1. Repository Configuration

First, set up your repository with the necessary secrets:

Repository Secrets

Go to Settings > Secrets and Variables > Actions and add:

HF_TOKEN              # Hugging Face API token
WANDB_TOKEN           # Weights & Biases API key
OPENAI_API_KEY        # OpenAI API key (for evaluation)

Directory Structure

.github/
├── workflows/
│   ├── fine-tune.yml           # Main training workflow
│   ├── evaluate.yml            # Evaluation workflow
│   ├── deploy.yml              # Model deployment
│   └── scheduled-training.yml  # Scheduled runs
├── scripts/
│   ├── setup-environment.sh    # Environment setup
│   ├── run-training.sh         # Training script
│   └── validate-model.sh       # Model validation

2. Main Training Workflow

Create .github/workflows/fine-tune.yml:

name: Fine-Tune Model

on:
  push:
    branches: [ main ]
    paths: 
      - 'config.toml'
      - 'app/**'
  workflow_dispatch:
    inputs:
      config_file:
        description: 'Configuration file to use'
        required: false
        default: 'config.toml'
      experiment_name:
        description: 'Experiment name'
        required: false
        default: 'ci-cd-run'

jobs:
  fine-tune:
    runs-on: ubuntu-latest

    steps:
    - name: Checkout code
      uses: actions/checkout@v4

    - name: Set up Python
      uses: actions/setup-python@v4
      with:
        python-version: '3.12'

    - name: Install uv
      run: |
        curl -LsSf https://astral.sh/uv/install.sh | sh
        echo "$HOME/.cargo/bin" >> $GITHUB_PATH

    - name: Install dependencies
      run: |
        uv sync

    - name: Configure experiment
      run: |
        # Set experiment name
        EXPERIMENT_NAME="${{ github.event.inputs.experiment_name || 'ci-cd-auto' }}"
        echo "EXPERIMENT_NAME=$EXPERIMENT_NAME" >> $GITHUB_ENV

        # Update config with CI-specific settings
        sed -i "s/run_name_prefix = \"\"/run_name_prefix = \"$EXPERIMENT_NAME-\"/" config.toml
        sed -i 's/push_to_hub = false/push_to_hub = true/' config.toml

    - name: Run fine-tuning
      env:
        HF_TOKEN: ${{ secrets.HF_TOKEN }}
        WANDB_TOKEN: ${{ secrets.WANDB_TOKEN }}
      run: |
        uv run app/finetuner.py

    - name: Run inference
      env:
        HF_TOKEN: ${{ secrets.HF_TOKEN }}
      run: |
        uv run app/inferencer.py

    - name: Run evaluation
      env:
        OPENAI_API_KEY: ${{ secrets.OPENAI_API_KEY }}
      run: |
        uv run app/evaluator.py

    - name: Upload artifacts
      uses: actions/upload-artifact@v3
      with:
        name: training-results
        path: |
          inferencer_output.jsonl
          evaluator_output_summary.json
          evaluator_output_detailed.xlsx
          models/fine_tuned/

    - name: Create release
      if: github.ref == 'refs/heads/main'
      uses: actions/create-release@v1
      env:
        GITHUB_TOKEN: ${{ secrets.GITHUB_TOKEN }}
      with:
        tag_name: model-${{ env.EXPERIMENT_NAME }}-${{ github.sha }}
        release_name: Model Release ${{ env.EXPERIMENT_NAME }}
        body: |
          Automated model training completed.
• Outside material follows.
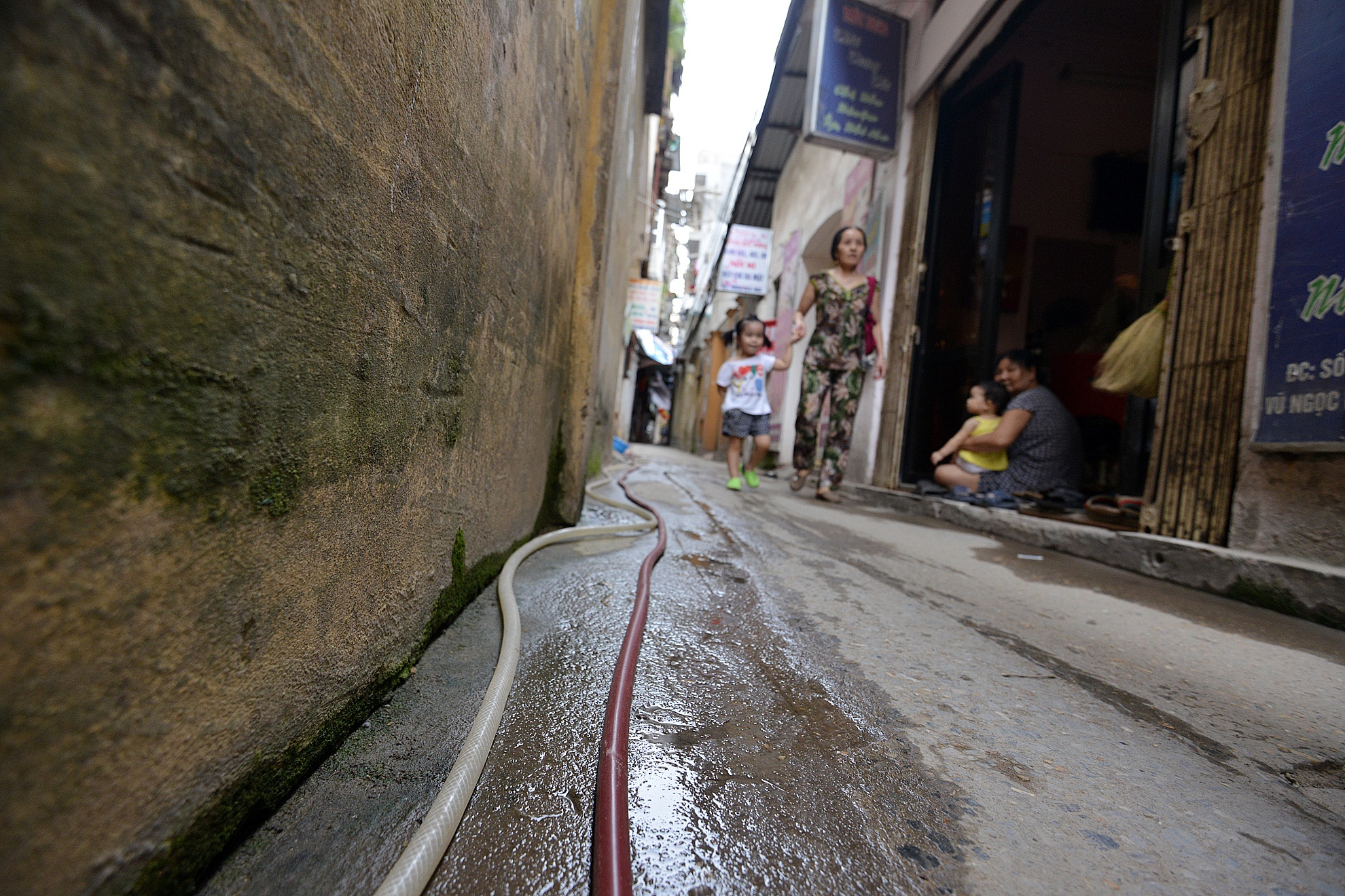 Đường ống nước nối chạy khắp con ngõ tổ 1, tổ 4. "Cảnh tượng thật khó chấp nhận ở trung tâm thủ đô", một người dân bức xúc.

          **Training Configuration:**
          - Config: ${{ github.event.inputs.config_file || 'config.toml' }}
          - Commit: ${{ github.sha }}
          - Experiment: ${{ env.EXPERIMENT_NAME }}

          **Results:**
          See attached artifacts for detailed results.

3. Scheduled Training Workflow

Create .github/workflows/scheduled-training.yml:

name: Scheduled Model Training

on:
  schedule:
    # Run every Monday at 02:00 UTC
    - cron: '0 2 * * 1'
  workflow_dispatch:

jobs:
  scheduled-training:
    runs-on: ubuntu-latest

    steps:
    - name: Checkout code
      uses: actions/checkout@v4

    - name: Set up environment
      uses: ./.github/workflows/fine-tune.yml
      with:
        experiment_name: "scheduled-$(date +%Y%m%d)"
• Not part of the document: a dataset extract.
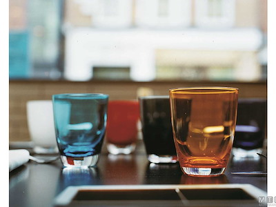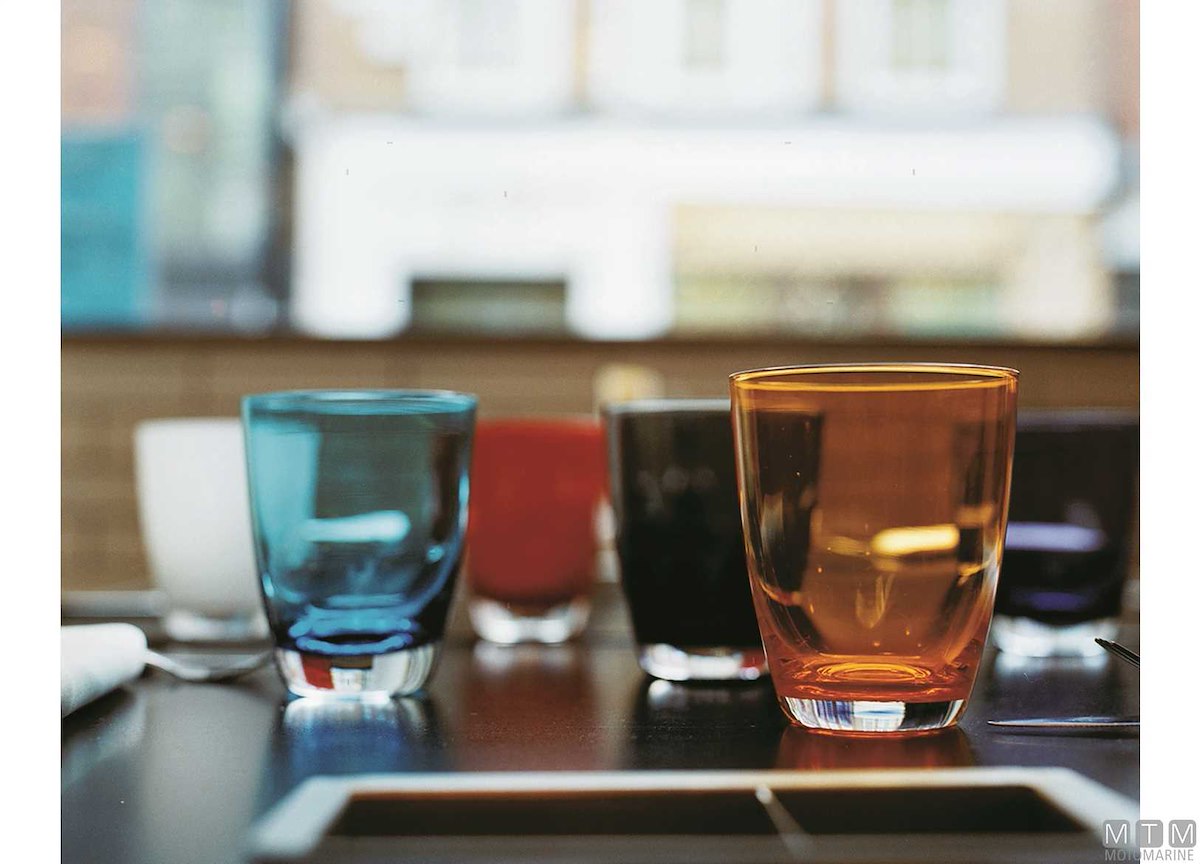 Bicchieri eleganti Tiburón Tumbler con un tocco di raffinata aggressività, soffiati a bocca e lavorati a mano in pasta di vetro colorata in assenza di piombo. Ideali per servire ogni tipo di drink dall'acqua ai soft drink, dai long drink ai cocktail più creativi.

    - name: Check data freshness
      run: |
        # Add logic to check if new training data is available
        python scripts/check-data-updates.py

    - name: Notify on completion
      uses: 8398a7/action-slack@v3
      with:
        status: ${{ job.status }}
        channel: '#ml-training'
        webhook_url: ${{ secrets.SLACK_WEBHOOK }}

4. Model Validation Workflow

Create .github/workflows/validate-model.yml:

name: Model Validation

on:
  workflow_run:
    workflows: ["Fine-Tune Model"]
    types: [completed]

jobs:
  validate:
    runs-on: ubuntu-latest
    if: ${{ github.event.workflow_run.conclusion == 'success' }}

    steps:
    - name: Checkout code
      uses: actions/checkout@v4

    - name: Download artifacts
      uses: actions/download-artifact@v3
      with:
        name: training-results

    - name: Validate model performance
      run: |
        python scripts/validate-performance.py \
          --results evaluator_output_summary.json \
          --threshold 0.7

    - name: Security scan
      run: |
        # Scan model for potential security issues
        python scripts/security-scan.py models/fine_tuned/

    - name: Create validation report
      run: |
        python scripts/create-validation-report.py \
          --output validation-report.md

    - name: Comment on PR
      if: github.event_name == 'pull_request'
      uses: actions/github-script@v6
      with:
        script: |
          const fs = require('fs');
          const report = fs.readFileSync('validation-report.md', 'utf8');

          github.rest.issues.createComment({
            issue_number: context.issue.number,
            owner: context.repo.owner,
            repo: context.repo.repo,
            body: report
          });

Jenkins Setup

1. Jenkins Pipeline Configuration

Create Jenkinsfile:

pipeline {
    agent any

    environment {
        HF_TOKEN = credentials('huggingface-token')
        WANDB_TOKEN = credentials('wandb-token')
        OPENAI_API_KEY = credentials('openai-key')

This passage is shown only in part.